Wednesday, January 29, 2020

A 2004 Article Tells of Pulte’s Original Venture Into Modular Housing

Almost as soon as I published my article about Pulte purchasing a wall and panel plant in Florida and wondered if modular could be their next logical step, Rob Ebbets sent me an article from the Washington Post dated 2004 about their previous attempt at modular.


Enjoy the original Washington Post article:

Home From the Factory

By Daniela Deane, December 11, 2004

The day is blustery, but at a new-home subdivision in Chantilly, no subcontractor for Pulte Homes Inc. is steeling himself against the wind trying to drive nails into wood studs. No one is pouring concrete for the foundation in bad weather, either.

Instead, a few miles away, a huge gray bridge is gliding overhead in a climate-controlled factory driving screws, cutting holes and marking wall partitions. Cutting machines are slicing wall panels into the shapes needed to go into the houses. Rather than wielding tools, workers are peering at computer screens for their next instructions.
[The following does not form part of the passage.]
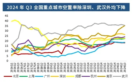 消费客流的逐渐恢复带动商业租赁的活跃度提升,扭转疫情期间零售商业地产空置率持续上涨的格局。2024年三季度末全国重点21城优质零售地产市场平均空置率报10.1%,连续第六个季度环比下行。其中一线年以来低值,但非一线城市空置率回落缓慢或与年初持平。

Pulte Homes, the country's second-largest home builder and one of the top 10 in this area, has started experimenting with a new way of making houses. Instead of building on site, wooden stick by wooden stick -- the way most houses are made in the United States -- Pulte has eschewed the stick framing and started constructing homes in a computerized factory environment, much the way automakers put together new vehicles.